# should I get a second bird?



## jan_ellison (Oct 29, 2012)

We have had Larry for about 1 month, and he is a fantastic cockatiel. He has become like a new baby in our house. he loves the kids, my husband and I and wants to be with us 24/7.... which is OK for us. I love animals and am worried though, that since they are social animals it might be better for Larry to have a second 'bird' friend. But I am also worried about thi:

We have had him with us alone for about a month, will he likea new bird now? I have heard they have to be from the same laying to bond with each other?

Also, if he does bond with the new bird, will he stop wanting to be with us. I guess we want him to still sit on our shoulder etc all the time... we just want him to have another friend up there with him. We want what is best for Larry .....

Has anyone gotten a second bird ... at a later date? Did they get along? Did they still enjpu being with you and your kids?
 thanks Jan


----------



## Erinsmom (Sep 7, 2012)

That they have to be from the same laying is most obviously not true as then you wouldn't be able to pr up birds to mate. Also male to male and female to female bonding is also seen with cockatiels. 

He won't stop wanting to be with you as long as you keep up the handling of him daily and look for a bird who also loves to be handled.

Birds like people can take to one another or dislike each other for no apparent reason...you'll not know for sure until you try.

I have done it both ways and have found that the single bird is more bonded with their person but that's not always a good thing unless you have alot of time to devote to them. I personally after quarantining a new bird would keep them in separate cages next to each other and let them get to know each other safely. That will also help if you find they can not be housed together. also make sure to keep handling at a minimum of an hour a day.

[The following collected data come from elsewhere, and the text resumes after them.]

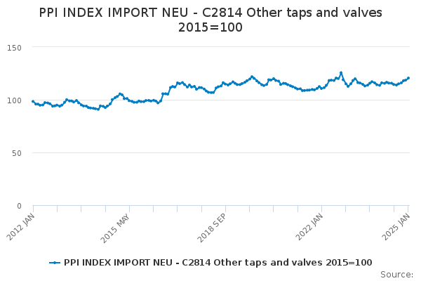 Download this time seriesPPI INDEX IMPORT NEU - C2814 Other taps and valves 2015=100
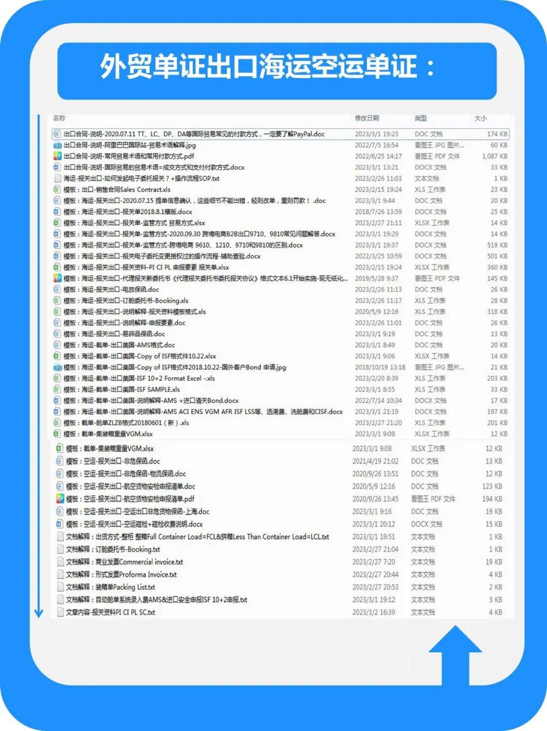 我是外贸单证员,前阿里巴巴国际站运营,IDO老徐IP合伙人,生财有术会员,曹大caoz星球成员,日更公众号,在职场玩副业的巧巧。微信787223147,交个朋友,付1元送41种外贸单证空海运出口单据模板(单据名词解释说明)+送2个群外贸单证交流群+外贸唠嗑群刚做外贸新手单证需要的出口海运空运出口美国模板资料分享:订舱+合同&报关+截单+电放保函单证模板
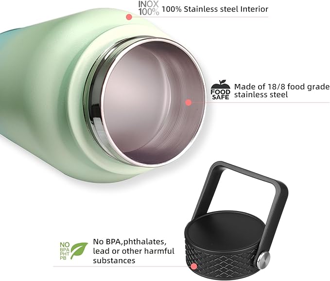 - The travel water bottle with handle is easy to carry. Whether you're at the office or out and about, this thermos bottle is the perfect accessory to complement any outfit
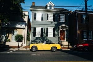 A vibrant yellow convertible stands parked against a backdrop of a stately gray house, creating a striking contrast. The strong morning light casts sharp shadows, enhancing the architectural details and lending a warm, nostalgic mood to the scene. The composition, framed by surrounding buildings and greenery, exudes a charming, leisurely vibe typical of a quaint neighborhood.
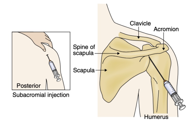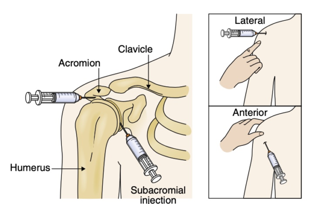 Nếu bệnh nhân vẫn có triệu chứng đau thứ phát do kích thích các cơ chóp xoay mặc dù đã tham gia một chương trình phục hồi chức năng thích hợp, thì có thể xem xét tiêm corticoid dưới mỏm cùng vai, có hướng dẫn siêu âm hoặc không. Có thể tiêm qua đường trước, sau hoặc bên với 3-5 mL thuốc tê -corticoid (ví dụ: 4 mL lidocain 1% và 1 mL triamcinolone hoặc methylprednisolone 40 mg / mL).
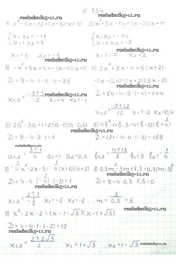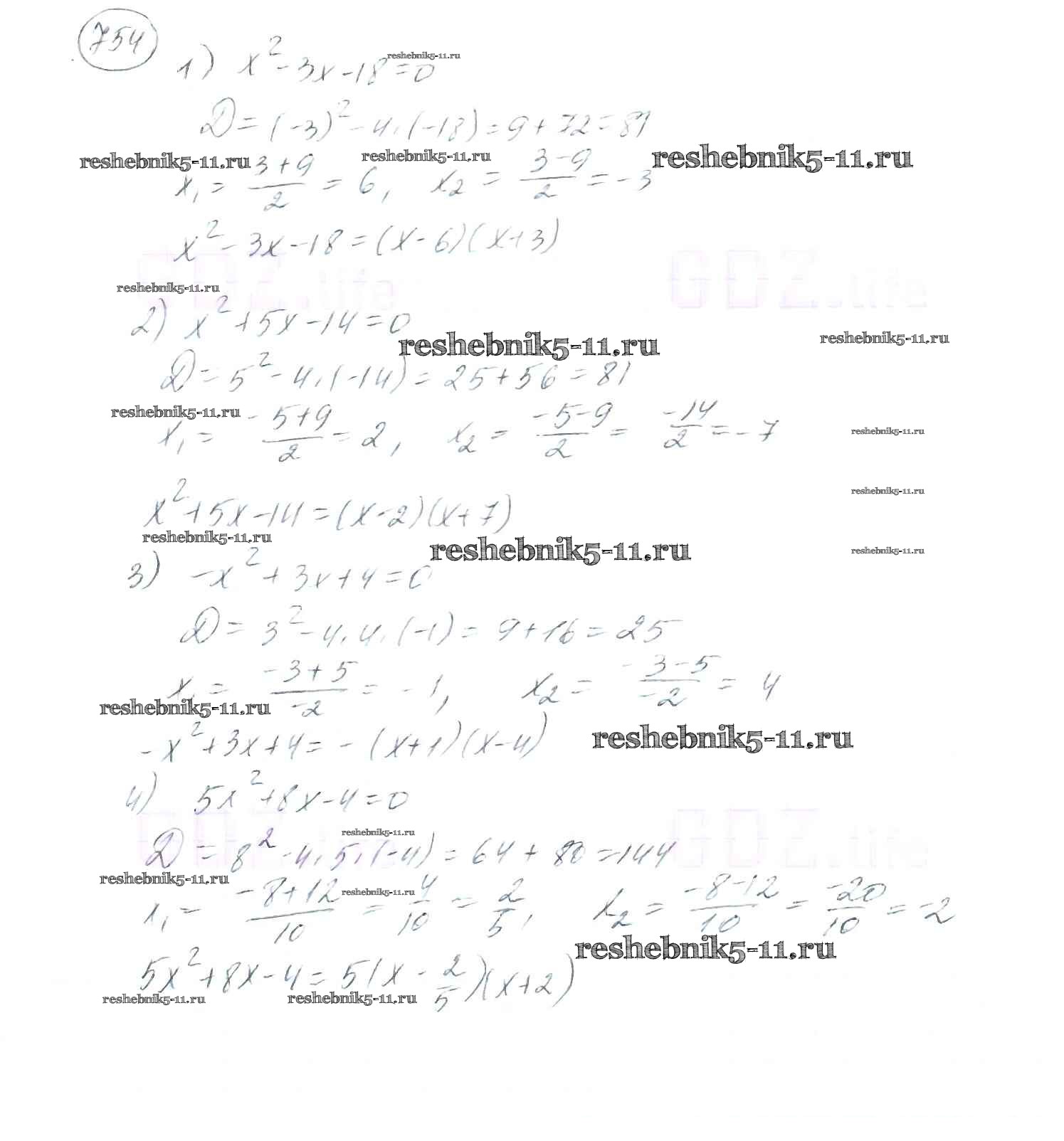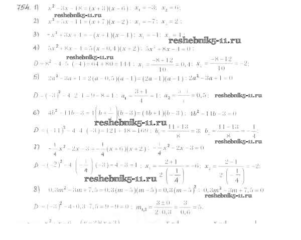Готовая домашняя работа с ответами по Алгебре за 8 класс Мерзляк, Полонский, Якир Учебник Алгоритм успеха Вентана-граф 2016 ФГОС - §22. Квадратный трёхчлен 754
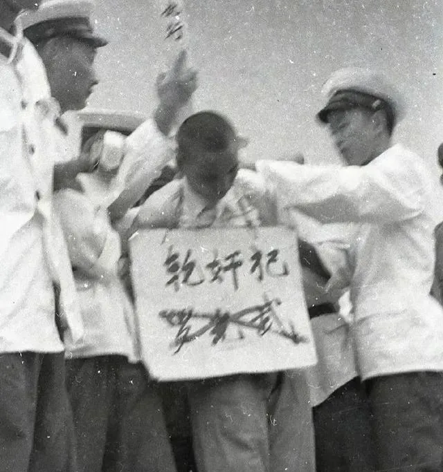 这两张都是当年的公判现场,牌子用硬纸板写上罪名,粗粗黑字吊在胸前,现场人头攒动,扬尘里喇叭声刺耳,奶奶拉着我袖子说“看一眼就走”,现在回头看,照片把那个年代的紧绷和粗粝都留住了。

Best of luck which ever way you decide to go!


----------



## OldCity (Nov 27, 2012)

I'd say to think carefully about why you would be getting another bird. If *you* truly want another one, then go for it. If you're assuming that you can make a good thing better by adding a new friend for your current birdie, perhaps reconsider the rationale, particularly since your current bird is so new to the house. Give it a few more months at least... just my $.02


----------



## jan_ellison (Oct 29, 2012)

Thanks for the thoughts.... both good. Lots to ponder. We handle/play with Larry about 6 - 10 hrs a day and would do the same with the second. I just think that he might want to also have someone around when we are not. We will have to think a bit longer about it.


----------



## roxy culver (May 27, 2010)

Another thing to think about is quarantining, you have to quarantine the new bird for thirty days when you first bring them home to make sure the new bird doesn't give your old bird anything. So you need a 2nd cage and a separate room.

Also you'd need the 2nd cage in case the birds don't get along together and can't be housed together.


----------



## billabong (Nov 22, 2012)

Erinsmom said:


> I personally after quarantining a new bird would keep them in separate cages next to each other and let them get to know each other safely. That will also help if you find they can not be housed together. also make sure to keep handling at a minimum of an hour a day.


Hi Erinsmom

I am doing just what you described, I have brought home an adopted 3 year old female to try out as a companion to my 7 year old male, and I have put them into separate cages near eachother. How long do you do this before you introduce them into the same cage?

I have briefly let them be in the same cage, but my male is rather timid, so I am not pushing it.

Jan,

It sounds like your Larry is a lucky fellow! My experience and hearsay is that cockatiels can be quite fussy about which other cockatiels they like and dislike. An avian vet who helps rehome cockatiels needing adoption, will pair them up for a weekend in his bird room. He says he knows by Monday morning whether they have bonded or are at opposite ends of their cage.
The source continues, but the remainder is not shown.